Svigals was awarded the Foundation for Jewish Culture's annual New Jewish Music Network Music Commission for her original live score tothe 1918 film the Yellow Ticket, which she is currently touring, and a Trust for Mutual Understanding grant to bring that work to Poland next year.   She has been a fellow at LABA - a non-religious house of study and culture laboratory at the 14th St. Y in NYC which every year invites a group of artists to consider ancient texts and create work that pushes the boundaries of what Jewish art can be; while at LABA she composed a song cycle based on Yiddish poetry (samples here). In 2014 Svigals was an NEA Macdowell Fellow.

Jazz pianist/improviser Marilyn Lerner performs to acclaim internationally, from her native Montreal to Havana, from Jerusalem to Amsterdam and the Ukraine. Her musical career has been marked by a deep exploration of traditional and free jazz, new music tinged improvisation, and Ashkenazic folk music.  Lerner has appeared with Tito Puente, Gerry Hemingway, and Steve Lacy. In the New Jewish music scene, she performs with Adrienne Cooper, Frank London, Alicia Svigals and David Wall.
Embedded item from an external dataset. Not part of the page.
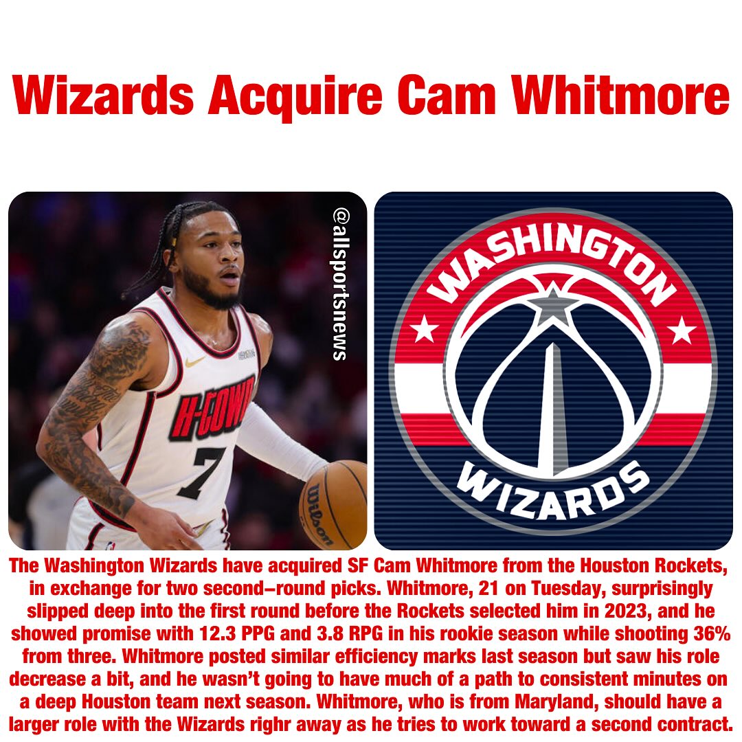 07月06日讯 据ESPN名记Shams Charania报道,多位消息人士透露,火箭将2023年20号秀、侧翼球员惠特摩尔送至奇才,换来两个次轮签(2026年...

A prolific recording artist, her most recent work includes:  Live in Madrid, (Cadence records), with New York based Ken Filiano-bass and Lou Grassi-drums, and the Ugly Beauties Trio with Matt Brubeck (the late great Dave’s youngest son!) cello and Nick Fraser, drums.  She also tours and performs with the Dutch based avant-garde Ig Henneman Sextet :with Axel Dorner, Wilbert de Joode, Lori Freedman and Ab Baars.